The art of investing: where creativity meets capital

JP Morgan on the strength of the international art market and advice for collectors

JP Morgan artSam Cook is Head of Specialty Lending Solutions for JP Morgan International Private Bank

In the last few years, we have experienced first-hand the tremendous strength of the art market, with significant activity among our clients for purchases and sales, primarily in the blue-chip arena. 

This strength was particularly evident in 2021 and 2022 with some notable, and well publicised, sales and several record prices achieved for blue-chip artists. While 2023 saw some strong sales, it is evident that the art market experienced a period of correction with overall sales down significantly year-over-year.  

Following the exuberance of the post-Covid 19 period, the retrenchment to a new environment in the art market can largely be attributed to the significant uncertainty across almost all major economies due to soaring inflation, reaching a peak of 9% in the US, and the resultant hiking of interest rates — in the US, interest rates have increased by 5% during this period. JP Morgan artFor many, a recession was considered a likely outcome. While a recession cannot be completely discounted going forward, there is general consensus that the goldilocks scenario of a soft-landing — lower inflation without a recession — will be achieved in the US. 

As inflation continues to fall across most major economies, it is our expectation that interest rates will reset to a lower level, albeit higher than the pre-Covid period. With this backdrop of reduced uncertainty and a more favourable economic outlook the art market is likely to experience a more favourable environment in 2024.  

Part of my job is to help clients navigate any market environment and experience the full spectrum of what their wealth can create. Their particular passions should be an integral part of their holistic wealth plan over a multi-year period. Art is a beautiful example of where passions can fit into a portfolio, with art being used as a unique asset to support their overall goals.

An art collection, handled well, can provide financial flexibility, serve a collector’s larger wealth plan and help them create a lasting legacy. It is important, however, to recognise that art is an unusual asset for many reasons, such as the owner’s emotional attachment to it, artwork’s inherently illiquid nature and its relative stability over the long term. Nevertheless, whatever the acquisition price, art is an asset. JP MorganWhether it be to fund additional purchases, to provide bridge financing to a sale, or simply to release some equity in their collection for other purposes, recognising the rationale for the financing is critical.
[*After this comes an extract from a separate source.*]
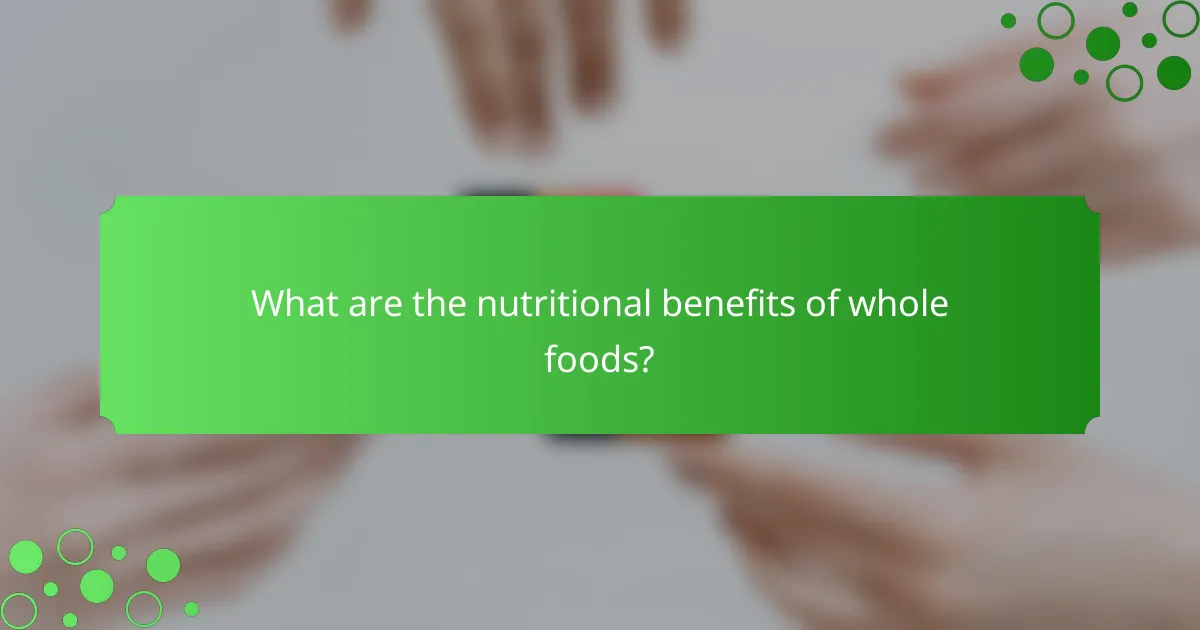 Whole foods significantly enhance overall health by providing essential nutrients, supporting meal planning, and aiding chronic condition management. They are rich in vitamins, minerals, and antioxidants that contribute to improved immune function and reduced inflammation.

Understanding a collector’s motivations for owning art and their future goals — for their collection and overall wealth — is the starting point in defining how an art financing can be beneficial to them. For example, an individual that collects primarily based on the emotional value of artwork is likely to have different priorities to an individual whose primary motivation is investment returns. 

We understand the importance of a flexible and bespoke approach to art financing. We consider a collector’s full financial picture, including assets and liabilities, liquidity needs and short-term and long-term goals as well as their art ownership structure to determine the optimal financing approach. 

Flexibility is achieved through: 

The location of the artwork: the collector can retain the artwork in their possession, hold it in an art warehouse, or have the art on short- or long-term loans to a museum or gallery, across a number of jurisdictions in Europe, the UK, the United States and Canada. What art can be provided as collateral: taking a client-centred approach — as opposed to an asset approach — allows for a variety of art to be provided as collateral. Acceptable artworks are not limited to those by blue chip artists, or only those from the modern and contemporary markets. 

Flexibility on financing terms: from short-term bridges to mid-term committed facilities, the structure of the financing, or the ability to use the proceeds for any purpose, the financing is tailored to the individual’s needs. 

Art goes beyond aesthetics. It transcends economic environments and can not only provide cultural enrichments but portfolio diversification. We have built a breath of knowledge over the decades working with our clients and as one of the oldest and largest corporate art collectors in the world. 

Irrespective of a collector’s motivation for owning art, a thoughtful borrowing strategy that is tied to those artworks can often be a smart tool to help build and maintain a collection as well as to support the collector’s overall goals. It should be a component of any thoughtful wealth planning analysis.